20.義経現代伝
「いいさ、いくらでも聞こう」
「ありがたき言葉にございます」
仰々しい言葉遣いで礼を述べると、九音はゆっくりと顔を上げた。そのまま、真剣さが張りついたような表情で俺を見つめる。
その様子に俺は思わず溜息を吐いた。
「聞くには聞くが、お前その言葉遣いをやめろ」
「おや? 何か問題でもございましたでしょうか?」
「問題だらけだ。まずは、うざったい。次に、面倒くさい。
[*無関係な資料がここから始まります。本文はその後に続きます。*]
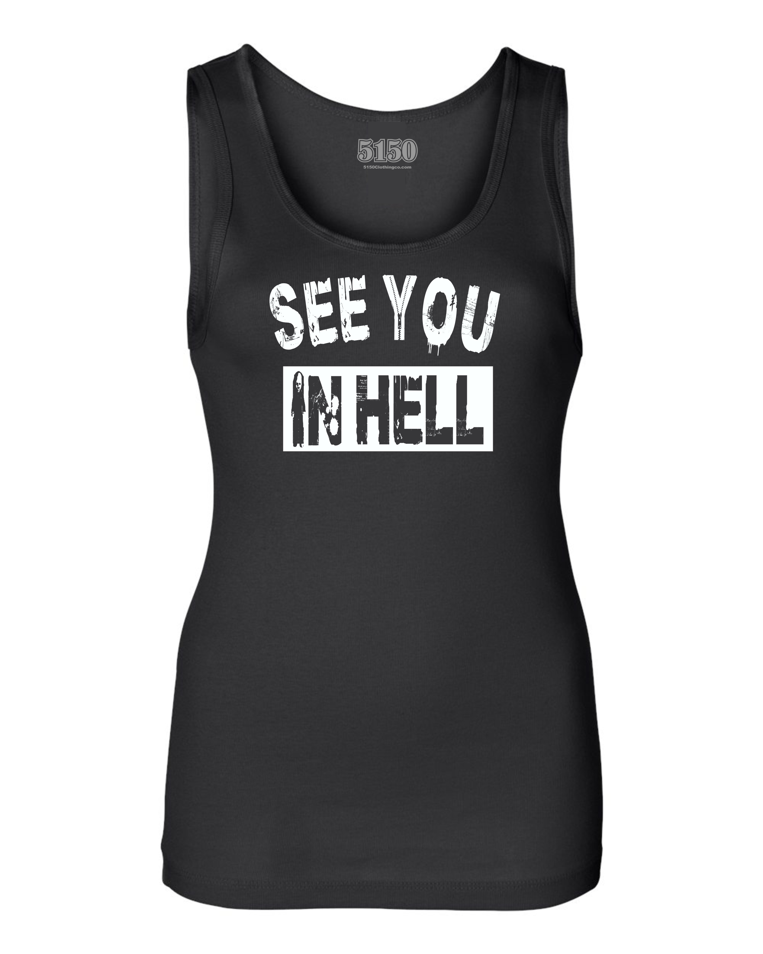 SEE YOU IN HELL Ladies tank by THE ZOO Urban Outfitters a CASAS Brand. Ladies Baby Rib Tank Top, 5.8oz., 100% Combed ring spun cotton, Side seamed for a fashionable custom contoured fit. Three eights inch self binding on arm holes and neckline, custom hand screen printed in specially blended inks , Soft hand additive for a soft comfortable feel and Stretch additive to prevent cracking.
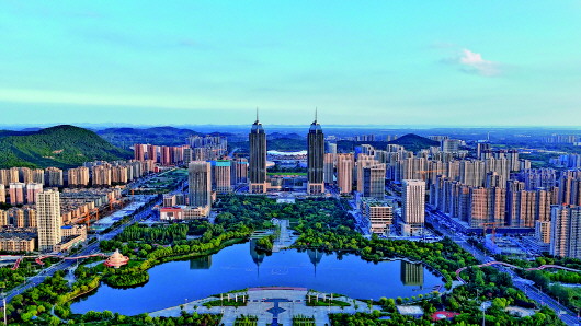 航拍枣庄双子星、凤鸣湖一带美景。

んでもって、最後に」
正座のまま身を乗り出し、九音に顔を近づけ、
「俺は、常盤九音の話を聞くんだ。源義経じゃない、一人女の言葉をだ」
俺がこの話の席に着いた理由を述べた。
「…そうですか。では、私もこの家で過ごしたままに振舞いますね、義君」
九音はどこか困ったように苦笑すると、俺としっかり目を合わせて見慣れた笑顔を見せる。これから重要な事を話すというのに、いつものような談笑をするようで不思議と空気が和んだ気がした。
「さて、何から話してくれるんだ?」
「そうですね…では、本当に始めから話したいと思います。最初の、私が義経であると自覚した時からですね」
そう言うと九音は俺の表情を一度確認し、こほん、と咳払いをすると過去を懐かしむように話を始めた。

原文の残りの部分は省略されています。